• _Try it_:
Word-for-word reproduction, images excluded: copy every entry below.

◆ ◆ ◆ ◆

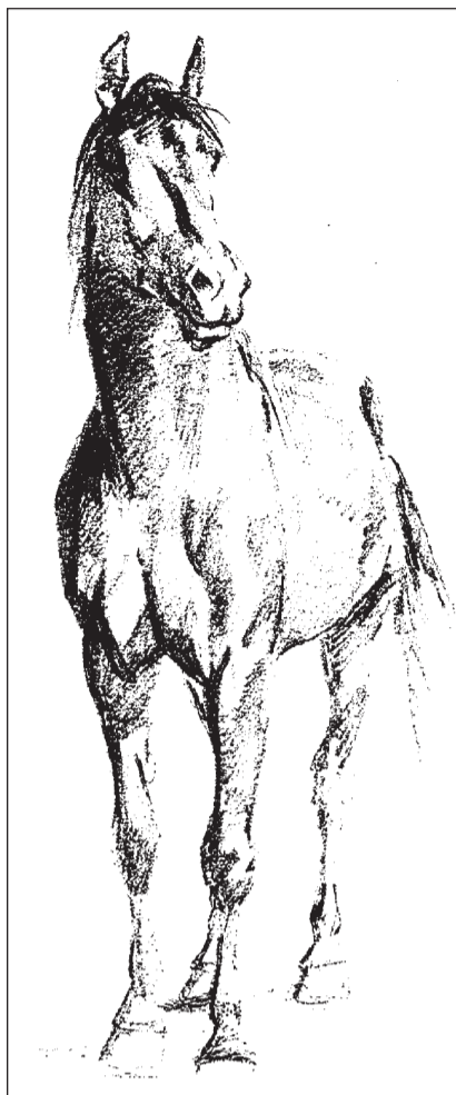
«Pulain davant en» (1850, rispli sin pupi) – ina da las bleras studias d'animals.
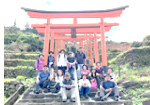
「浮羽稲荷神社の赤鳥居」
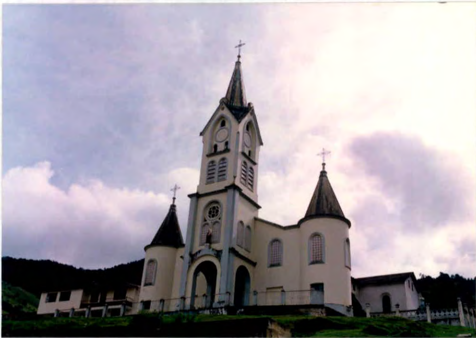
Iglesia Corregimiento Pangote
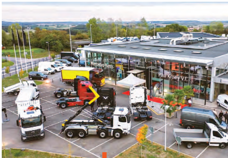
La concession est située dans le secteur du Franclos.

Auparavant scindées, les activités poids-lourds et utilitaires étaient respectivement localisées à Richardménil et Laxou. « C'est en 2013, grâce à une opportunité foncière, que nous avons pu rassembler les deux concessions sur ce même site, très fonctionnel pour notre clientèle », complète le directeur.
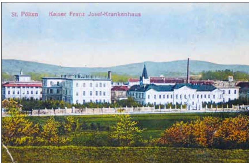
▲ Госпиталь города Санкт-Пёльтена
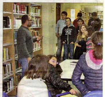
Un grupo de adolescentes, en la biblioteca de Tineo.

Visto como ponen las cosas, las bibliotecas públicas pueden tomar sus medidas.
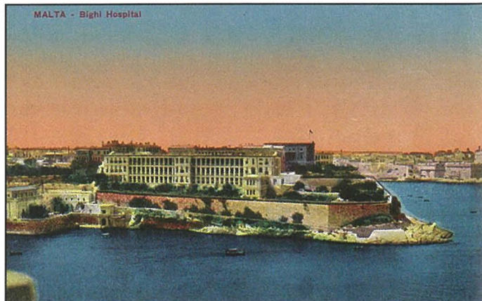
Postcard antika ta' Villa Bigħi

Ix-xogħolijiet tlestew fl-24 ta' Settembru 1832, bi spiza totali ta' £20,000.
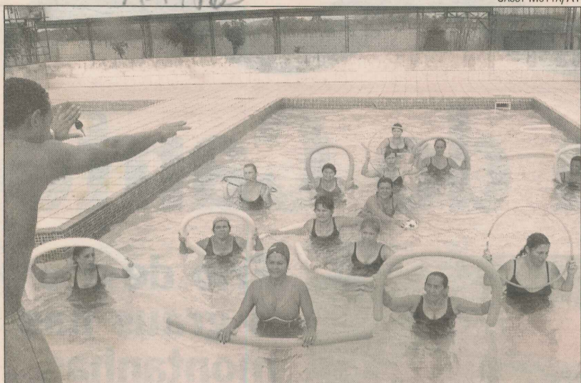
Professor de Educação Física orienta aula de hidroginástica

◆ ◆ ◆ ◆

• _Exercise output_:
«Pulain davant en» (1850, rispli sin pupi) – ina da las bleras studias d'animals.
「浮羽稲荷神社の赤鳥居」
Iglesia Corregimiento Pangote
La concession est située dans le secteur du Franclos.

Auparavant scindées, les activités poids-lourds et utilitaires étaient respectivement localisées à Richardménil et Laxou. « C'est en 2013, grâce à une opportunité foncière, que nous avons pu rassembler les deux concessions sur ce même site, très fonctionnel pour notre clientèle », complète le directeur.
▲ Госпиталь города Санкт-Пёльтена
Un grupo de adolescentes, en la biblioteca de Tineo.

Visto como ponen las cosas, las bibliotecas públicas pueden tomar sus medidas.
Postcard antika ta' Villa Bigħi

Ix-xogħolijiet tlestew fl-24 ta' Settembru 1832, bi spiza totali ta' £20,000.
Professor de Educação Física orienta aula de hidroginástica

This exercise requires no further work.